In the final part of our exclusive in-depth interview with Isaac Florentine, he discusses his working with Dolph Lundgren on Bridge Of Dragons and bring us up to date with the background on Impact favourites US Seals 2 and Special Forces.

Isaac Florentine
Renaissance man (part 3)

by Mike Leeder , Impact (UK), #143, November 2003

Mike Leeder: Your next project was Bridge Of Dragons, starring Dolph Lundgren, Cary Tagawa and HK actress Rachel Shane/Valerie Chow. What was the genesis of this project?
Isaac Florentine: Yoram Barzilai had worked with Dolph on a film called Sweepers, Dolph had expressed his frustration and stated that he wanted to make his next film with an action director, and Yoram suggested me. We met with Dolph at his New York Office, and our mutual martial arts background broke the ice between us when I saw this photograph of Dolph at the Kyokushinkai Dojo in Stockholm. I had gone there in 1980 with my teacher Tamas Weber and when I told him I recognized a number of the people in the photograph by name, we hit it off. Dolph agreed to do the film but on one condition, that we shoot after he had taken his third Dan in Kyokoshinkai. I was pretty happy with that news, as I knew Dolph would come to the film in peak physical condition and I decided to take full advantage of it.

I've always thought Dolph could have been and could have been a bigger star, how did you find working with him as both an action actor and a martial artist?
Dolph is a real gentleman. He's kind, easygoing and has a great sense of humour. He's also a very good Karateka and very intelligent. He brought his friend and Sensei Brian Fitkin to join us on the film, and the three of us used to train together a few times a week. Dolph gives a lot of respect to everybody he's working with, from the director to every member of the crew. I like working with this kind of person, as they become involved in the whole process of filmmaking, which should be regarded as a team effort.

The film also saw you combining martial arts action courtesy of Yuji and Alpha Stunts and some high-octane gunplay and stunt work. How much input do you have into the choreography? The fight on the poles, did that idea come from you or Yuji?
I had developed the idea for the pole fight as we were putting the script together, and we wanted to show Rachel Shane/Valerie Chow's character had her own fighting style. I wanted to add something that was more sophisticated and skilled than simply fighting, and the pole idea came to mind.
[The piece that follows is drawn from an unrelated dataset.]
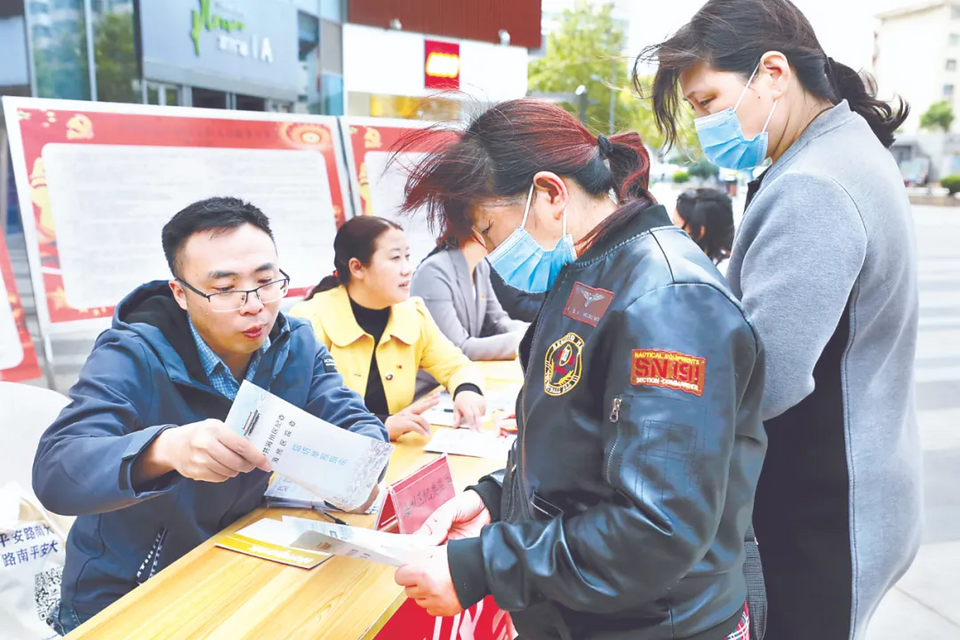江苏省连云港市海州区纪委监委开展信访宣传专项行动,在乡镇集市、街道人流量大的地方现场接访,倾听群众心声,掌握第一手社情民情。图为该区纪检监察干部向群众讲解信访举报受理流程。张孟瑞 摄

Yuji and Tatsuro Koike, his assistant, came back to me with a detailed fight and I adjusted a few little bits so we could keep it grounded in realism and fit it into the tight shooting schedule we had.

The film saw you filming behind the Iron Curtain, how did you find shooting in Eastern Europe?
There's a Hebrew saying, 'others learned to shave over my head', and that's what happened to me in Bulgaria. It was the first action film ever shot there, and the crew was used to the slow sedate Soviet way of filmmaking until we arrived. Now they've shot a lot of action films there and are fantastic but at the time it was tough. Certain job titles such as assistant director seemed brand new tot them, we had promises of Army support that we weren't sure we would get until they turned up ten minutes before call time, not to mention an inexperienced sfx pyrotechnics team. After we wrapped we had some bad luck too, certain sections of the film were unusable and badly scratched as we had defective film stock, and so we had to reconstruct the movie in the editing, working around certain shots and scenes. We also discovered that our final epic crane shot of Dolph and Rachel kissing with a beautiful backdrop was unusable too, we'd been using the AVID system for editing instead of really seeing dailies and while it looked fine on the small screen, once it was blown up we could see there was a problem with light seeping into the magazine, and we had to try to salvage the scene by recutting and relooping dialogue. It was frustrating to say the least. But it was a good experience, and we laid the foundation for a number of other action movies shot there, and that helped us a great deal when we returned for US Seals 2.